Seorang ‘wanita baik’
Pekan lalu, Fatou dan Sirreh berada di audiens ketika Baldeh menyajikan temuannya dari organisasinya, Women in Liberation & Leadership, yang disiapkan dalam kaitannya dengan perdebatan parlemen mengenai FGM. Mendesak agar larangan tersebut dipertahankan, Baldeh menggambarkan kematian yang disebabkan oleh potongan yang dilaporkan.
Fatou merasakan air mata mulai merembes dan jatuh. “Bagaimana jika anak saya meninggal dan saya tidak ada di sekitarnya?” katanya kemudian dalam air mata segar. “Apa yang akan mereka katakan padaku?”
Untuk saat ini, kasus Fatou tampaknya telah mandek, setelah berbulan-bulan tanggal sidang dibatalkan dan panggilan kepada polisi.
Fatty, sang imam yang mempromosikan pencabutan larangan, tampaknya merujuk pada kisah Fatou dalam sebuah khotbah pada awal tahun ini, mengatakan bahwa seorang wanita yang membawa suaminya ke pengadilan seharusnya “malu.” Fatty membandingkan kisahnya dengan cerita seorang “wanita baik” yang menolak membawa suaminya ke pengadilan bahkan setelah dia dipukul begitu keras sehingga dia kehilangan empat gigi.
Fatou telah mencoba untuk menyingkirkan tekanan dan mengabaikan tatapan yang kadang-kadang dia dapatkan.
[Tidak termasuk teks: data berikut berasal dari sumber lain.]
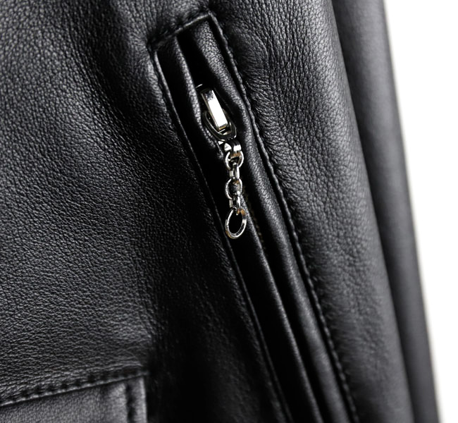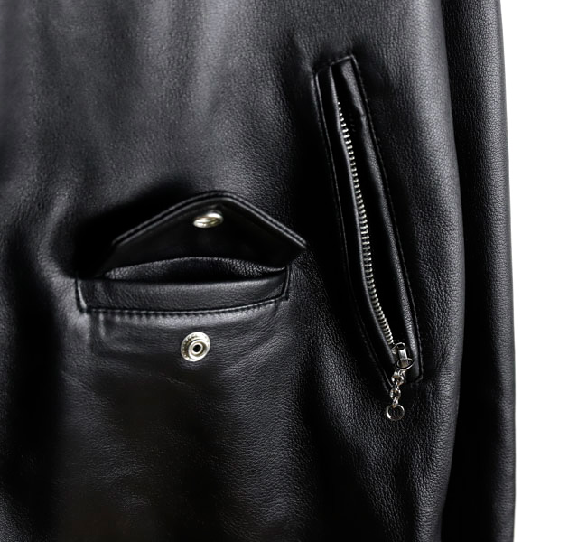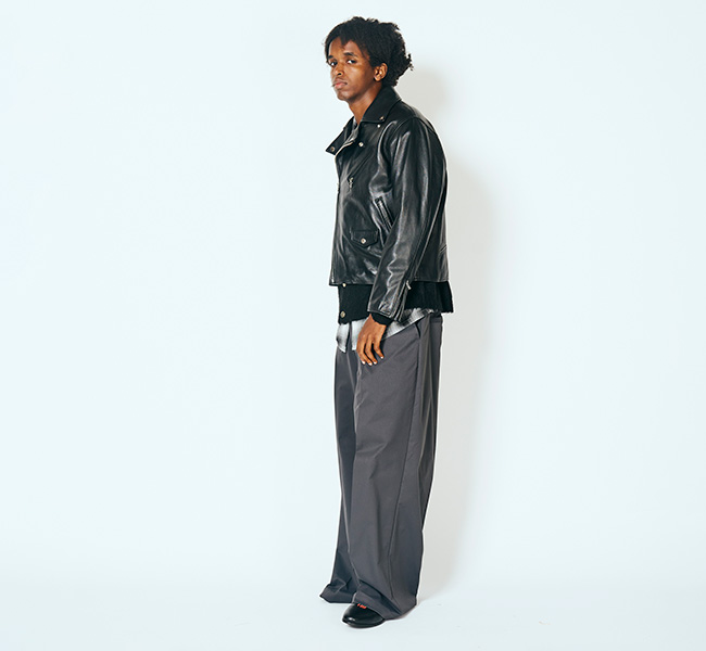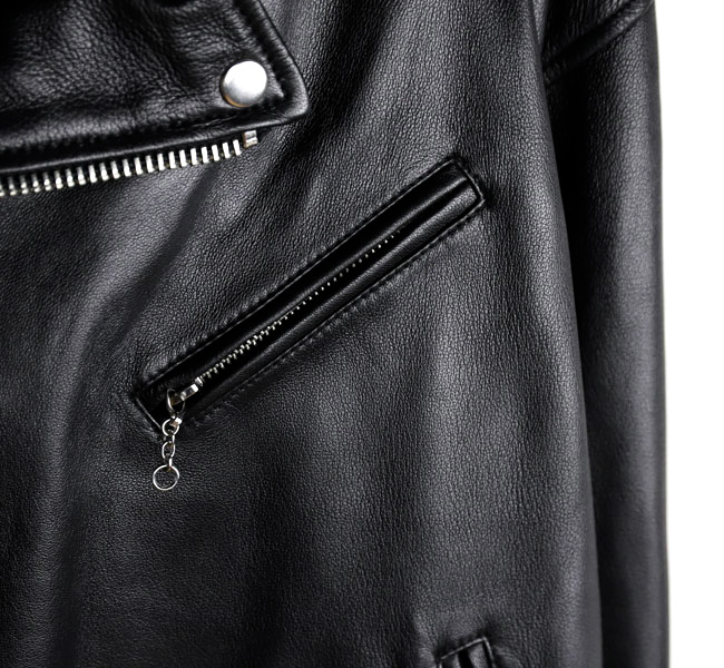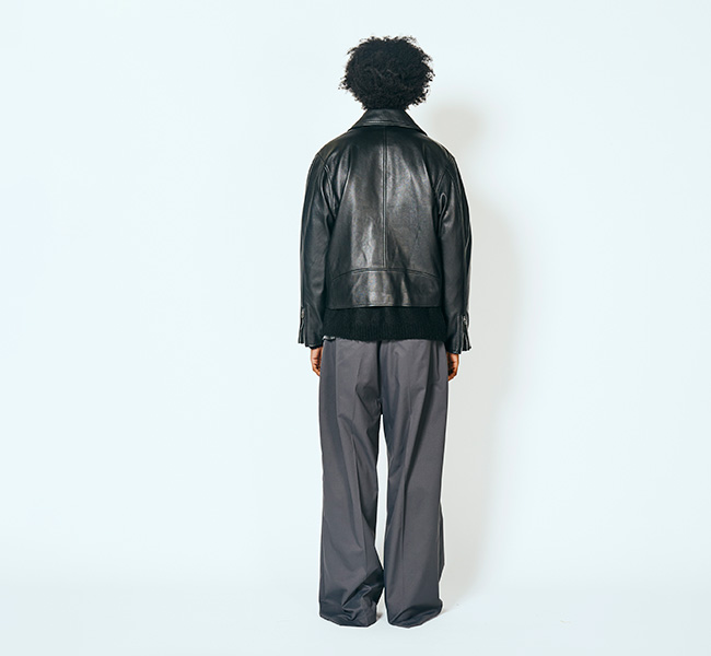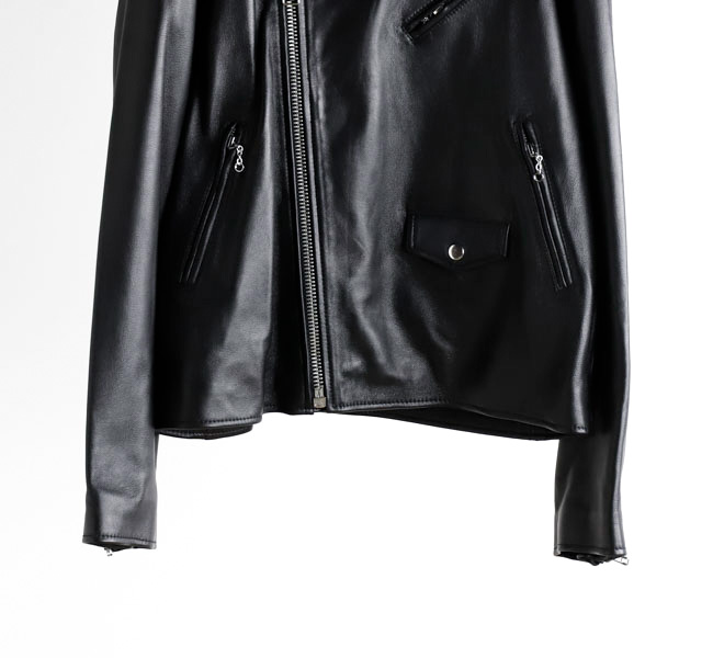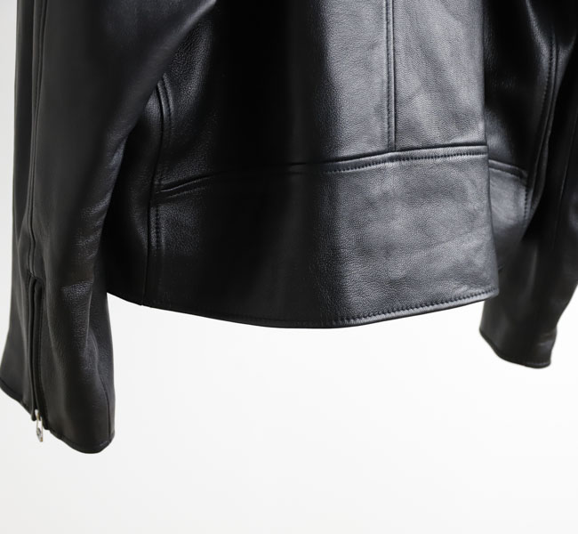 第一次世界大戦時、パイロットのために作られたコートのフロントファスナーを斜めに備えたジャケットがライダースの源流と言われています。身体に沿うように、着心地を重視したパターンは、着用時にきれいなシルエットになるように仕立てました。ハンドドローイングパターンを採用することでやわらかいラインのアナログでぬくもりのある曲線を継ぎ合わせています。ラムレザーはなめらかで、繊維質も均一でしなやかさと強度があるのが特徴でレザーならではの経年変化を楽しめます。

Sebaliknya, dia fokus pada kepentingan putrinya. Dia tahu seberapa besar Nyimsin mencintai ayahnya dan telah mendengar dia berharap agar ayahnya tidak “dikurung.” Tetapi Fatou juga masih yakin bahwa putrinya layak mendapatkan keadilan dan bahwa hukum harus diterapkan — untuk kepentingan semua gadis Gambia.
Secara keseluruhan, dia berdoa agar Nyimsin tidak menderita komplikasi seperti banyak wanita lainnya. Tetapi jika terjadi komplikasi, kata Fatou, dia akan selalu ada untuk putrinya dan mereka akan menghadapinya bersama-sama.
Ramatoulie Jawo turut berkontribusi dalam laporan ini.